Suatu ketika, Kak Theo tiba-tiba bilang bahwa, setiap cinta punya fase percakapannya sendiri-sendiri, dan begitu saja, saya bersepakat.
Berbeda dengan kencan di hari biasa lainnya—ketika kami memulai segala sesuatunya mengenai progres skripsi yang nihil; atau hujan yang belum datang; atau betapa crunchy-nya kulit pizza kesukaan, kami menemukan potongan percakapan yang, barangkali, lebih serius dari biasanya.
Misalnya, seperti rencana-rencana yang akan dilakukan untuk masa depan—salah satu percakapan yang akhir-akhir ini lebih sering kami temukan. Favorit saya!
Setiap kali proyeksi imajiner tentang rencana-rencana masa depan terlempar hingga langit-langit, dan selesai dibahas, kami akan bersepakat untuk mengiyakannya berdua, bersama-sama. Atau terkadang diselipi gurauan, lihat dulu bagaimana semesta berkonspirasi untuk kita. Setelahnya, saya akan bersusah payah melipat tawa ketika fase percakapan mulai terdengar dewasa, barangkali, tidak ada yang tahu.
Atau mungkin pada kesempatan lainnya, saat saya ingin tahu alasan yang membuatmu memilih untuk bertahan. Lalu, tiba-tiba saja, kamu punya jawaban yang memukau, karena kamu adalah perempuan yang membuat saya selalu ingin bersungguh-sungguh, untuk lebih baik.
Saat itu, saya pikir, kamu mungkin sedikit berlebihan, atau menjawab sekenanya supaya kelihatan lebih keren, atau sekadar rayuan.
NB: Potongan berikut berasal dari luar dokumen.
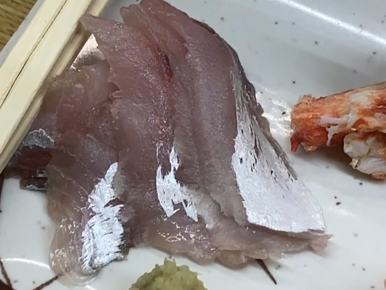 ボタンエビ、クラバガ に、真鯵(真あじ)刺 사시미. 각 360, 400, 360엔.

Tapi mungkin juga tidak, karena saya tahu, kamu sedang bersungguh-sungguh.
Saat kamu bilang, seperti kamu yang tidak lagi sekadar melengkapi saya, kita sudah berada pada fase saling mendukung, saling menguatkan, senyum saya semakin tumpah. Kupu-kupu di perut saya sudah lama tidak berterbangan.
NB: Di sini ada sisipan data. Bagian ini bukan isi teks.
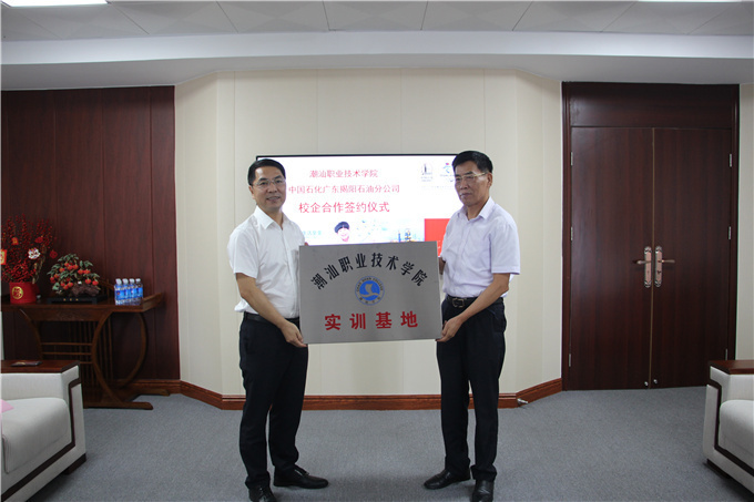 6月9日上午,学校党委书记、校长齐广武、校长助理谢耿、工商学院院长张文洲、招生就业部副部长吴智勤和吴容震老师前往中石化销售有限公司广东揭阳分公司参加校企合作签约仪式。 仪式上,中石化销售有限公司广东揭阳分公司总经理、党委副书记王海坚代表公司对我校领导老师的到来表示热烈欢迎,并详细介绍了公司概况、经营规模、未来发展和开展校企合作想法等方面情况,希望通过交流促进与学院合作,打造校企合作新模式。 齐广武书记代表学院致辞。他首先介绍了学院历史沿革、专业设置、师资力量、办学规模和特色等方面情况。他指出,与中石化销售有限公司广东揭阳分公司开展校企合作是学院对国家、省、市政府加强地方高校与企业间实现“校企合作,产教融合”号召的共同响应,我院在人才培养方案、师资技术支持、实习实训就业、技能竞赛、党团建设等方面与中石化销售有限公司广东揭阳分公司开展合作,提升学院的专业建设、社会服务能力、学生的技能水平和就业质量,实现学校、企业互惠共赢、共同发展。 随后,校企双方签订了校企合作协议、相互授牌,并合影留念。 此次校企合作仪式的成功举行,是我校深化校企合作、促进产教融合的又一次成功验证,对提升人才培养质量,促进学校服务地方经济建设具有重要意义。

Barangkali, jawaban saya untuk pertanyaan yang sama adalah, karena saya ingin terus menyayangimu dengan sungguh-sungguh. Entah sebagai sahabat, atau kekasih seumur hidup.
Barangkali, saya hanya ingin menjadi seseorang yang ada di sampingmu, selalu. Perempuan yang kamu syukuri karena saya ada, dan pernah ada.
Barangkali, saya hanya ingin meninggalkan jejak, untuk satu sama lain. Seperti bau tembakau yang mengingatkan saya padamu. Seperti novel-novel picisan yang, mungkin, langsung membuatmu teringat pada saya.
Barangkali, saya hanya ingin bersama kamu, bahkan pada titik ketika kita sedang tidak beranjak kemana-mana. Itu saja.
“Saya sayang kamu, sungguh-sungguh!”
Yogyakarta, 21 Mei 2017.
p.s
Sip. PR-nya sudah, ya! Kencan nanti, gelatonya biar aku yang bayar, karena aku sayang kamu! (laugh).